To complicate things further, the definition of “residency” for tax purposes is different for transfer tax and income tax. For transfer tax, a “resident” is an individual living in the United States who has no intention of leaving at the time of transfer or death. Since EB-5 investors are required to declare their intent to stay in the United States, they are considered to be U.S. residents for the purpose of assessing transfer tax as soon as they begin residing in the United States.

If the immigrant investor has not yet qualified as a resident under transfer tax regulations, steps can be taken prior to moving to the United States to reduce or eliminate future transfer tax with the help of a tax professional. If assets are purchased through the correct structure, usually using a trust, that will eliminate any transfer taxes. However, the trust needs to be used from the initial purchase in order to qualify for this exception. Any property purchased in the investor’s name (other than the EB-5 investment, which is always in the investor’s own name) is much more likely to be subject to transfer tax assessment.

EB-5 immigrant investors come from many different countries and backgrounds, and their situations vary. While there isn’t any single best way to minimize or eliminate U.S. taxes for investors, it is important to plan ahead of time with the help of a tax professional who knows the ins and outs of U.S. tax laws. It is also important to be very clear about what the investor’s primary goals are regarding the ownership of assets.

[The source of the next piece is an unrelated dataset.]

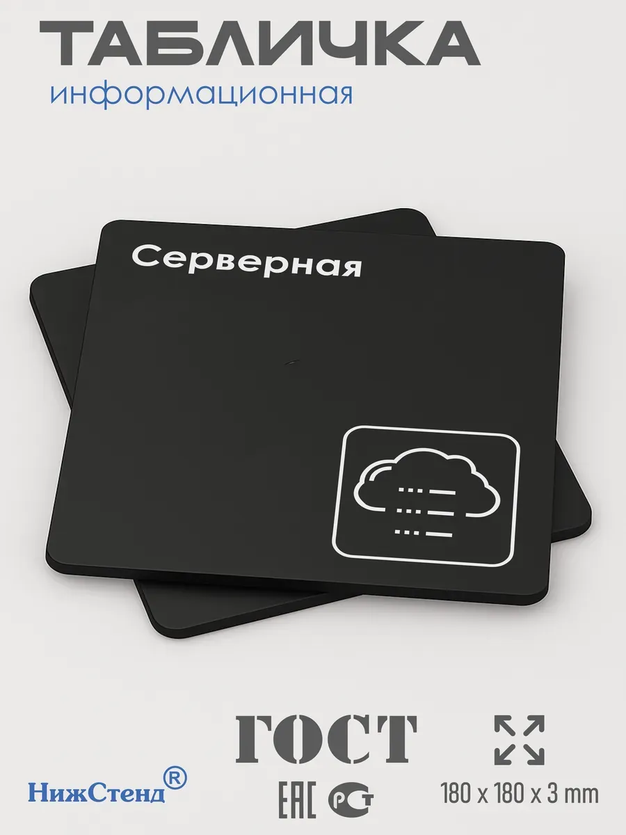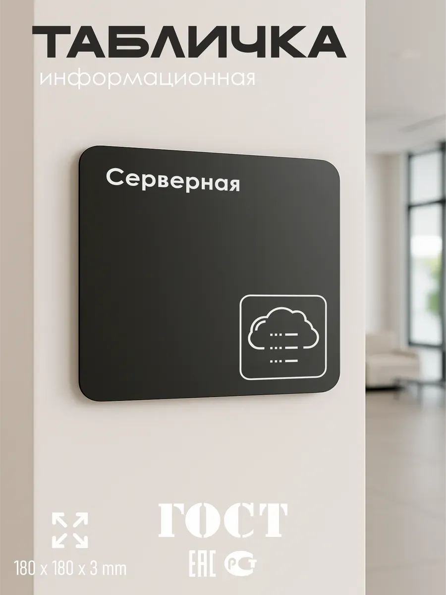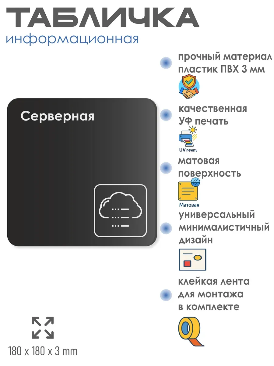 Табличка Серверная с двусторонней клейкой лентой для монтажа в комплекте интерьерная из черного ПВХ 3мм размером 18х18 см – это стильный и универсальный декоративный элемент, который поможет создать особую атмосферу в вашем интерьере. Изготовлена из высококачественного ПВХ, она обладает прочностью и долговечностью, что делает ее идеальным выбором для использования в различных помещениях. На табличке имеется возможность нанесения различных надписей, все представлены в ассортименте. Благодаря черному цвету и минималистичному дизайну, она легко сочетается с любым интерьером и стилем оформления. Эта табличка является универсальным решением для множества задач. Вы можете использовать ее для обозначения названий комнат, оповещения и предупреждения граждан. Она идеально подходит для дома, офиса, ресторана, гостиницы, в школу, в гос. учреждения, в клинику, в больницу, в фитнес клуб. В магазине представлены таблички с надписями: мужской туалет, женский туалет, офис, склад, место для курения, для персонала, курение запрещено, чистые бахилы, грязные бахилы, надевайте бахилы, женская раздевалка, мужская раздевалка, банкомат, бассейн, администрация, офис, буфет, камера хранения, прачечная, выключайте звуки телефона, туалет, комната матери и ребенка, вход, выход, генеральный директор, касса, информация, комната ожидания, не бросайте в унитаз туалетную бумагу и предметы гигиены, камера хранения, за оставленные вещи администрация ответственности не несет, ведется видеонаблюдение, выключайте звуки мобильного телефона

As an example, if the investor intends on keeping the property or assets purchased, a trust structure like the above mentioned one would be the ideal way to eliminate any transfer taxes. If, however, the investor plans to sell the assets in the near future, income tax should also be taken into careful consideration. Again, the use of a trust would come into play, but the investor may also want to place ownership of the assets with a partnership or LLC through the trust.

Carefully planning must take place before EB-5 investors enter the EB-5 process and become residents of the United States for tax purposes. A qualified tax professional can assist with this process and help immigrant investors know what steps to take in order to eliminate or at the very least reduce U.S. taxes.